In February 2017 the FRC announced a fundamental review of the Code to take account of the issues raised in the Green Paper. The FRC’s proposals are currently in consultation and their review is expected to be published in the coming months. Areas of reform suggested by the FRC include more effective reporting on how directors have discharged their statutory duties to the company under the Act, greater accountability of large companies to stakeholders and closing gaps in the existing regulatory framework.
The outcome of these initiatives will become clearer later in 2017.
The Finnish Corporate Governance Code
On 1st January 2016 the revised Finnish Corporate Governance Code (the “Finnish Code”) entered into force. The Finnish Code is applicable to all companies that are listed on Nasdaq Helsinki Ltd (Helsinki Stock Exchange). According to the Rules of the Helsinki Stock Exhange, all issuers of shares that are traded on the official list must comply with the Corporate Governance Code. The Finnish Code applies to all companies whose registered offices are located in Finland.
The Finnish Code is a collection of recommendations on good corporate governance for listed companies. The Finnish Code consist of recommendations on general meeting, board of directors, committees, managing director and the other executives, remuneration and other governance. The recommendations of the Finnish Code supplement the obligations set forth in the legislation. Overall the Finnish Code contains 28 recommendations.
The most important objectives of the Finnish Code have been promoting openness, transparency, and comparability as well as good corporate governance, in a manner that enhances the competitiveness and success of listed companies.
The structure of the Finnish Code: reducing the administrative burden
The Finnish Code consists of three sections: introduction, recommendations and reporting. The central focus has been on reducing the administrative burden of the companies by paying particular attention to the structure of the Finnish Code. The main focus has been on the structure and form of the recommendations. The number of recommendations in the Finnish Code has also significantly decreased.
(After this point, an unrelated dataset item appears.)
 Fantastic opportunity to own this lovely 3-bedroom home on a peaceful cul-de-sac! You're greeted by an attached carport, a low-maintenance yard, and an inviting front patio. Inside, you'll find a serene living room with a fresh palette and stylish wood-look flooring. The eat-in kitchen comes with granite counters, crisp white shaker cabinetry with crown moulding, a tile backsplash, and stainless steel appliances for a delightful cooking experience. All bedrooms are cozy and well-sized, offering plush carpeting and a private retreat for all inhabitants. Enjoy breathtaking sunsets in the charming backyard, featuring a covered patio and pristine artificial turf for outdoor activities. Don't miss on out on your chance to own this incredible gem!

Overview of Corporate Governance in Finland
The Finnish Code includes an overview of the Finnish corporate governance. The purpose of the brief overview provided in the introduction is to provide general background information to market operators.
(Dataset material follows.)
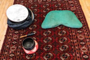 All quiet in the Stonington Town Hall. The hand drum, meditation cushion, and bowl bell reflect on a week of wonder, goodness, and truth. In readings, teachings, movements, the natural beauty of our surroundings, and the experience of our shared hearts, we returned positive energy to the source that has given us so much.

The ‘comply or explain’ principle
The Finnish Code is to be applied in accordance with the ´comply or explain´ principle. If a company departs from the individual recommendations of the Finnish Code, the explanation must be sufficiently clear and detailed.
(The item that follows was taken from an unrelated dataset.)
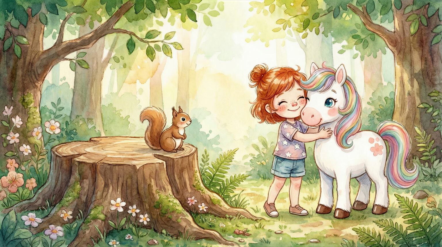 „Waldrand bei mildem Tageslicht. Das Mädchen, etwa 4 Jahre alt, lockige Haare, bunte Kleidung, stolpert erschrocken vor Schreck einen Schritt zurück. Vor ihr sitzt ein kleines weißes Pony mit bunter Mähne, bitterlich weinend. Kein Horn ist zu sehen — nur das traurige Pony. Im Hintergrund beginnt der Wald, mit Bäumen und neugierigen Tieren…“

Mandatory Reporting Obligations: uniform and clear reporting guidelines
The Finnish Code contains guidance concerning reporting. These guidelines concerning reporting have been aggregated as a separate section in the Finnish Code. Companies shall issue a Corporate Governance Statement once a year. This reporting obligation is based on legislation. Companies cannot depart from the obligation on the basis of the ´comply or explain´ principle.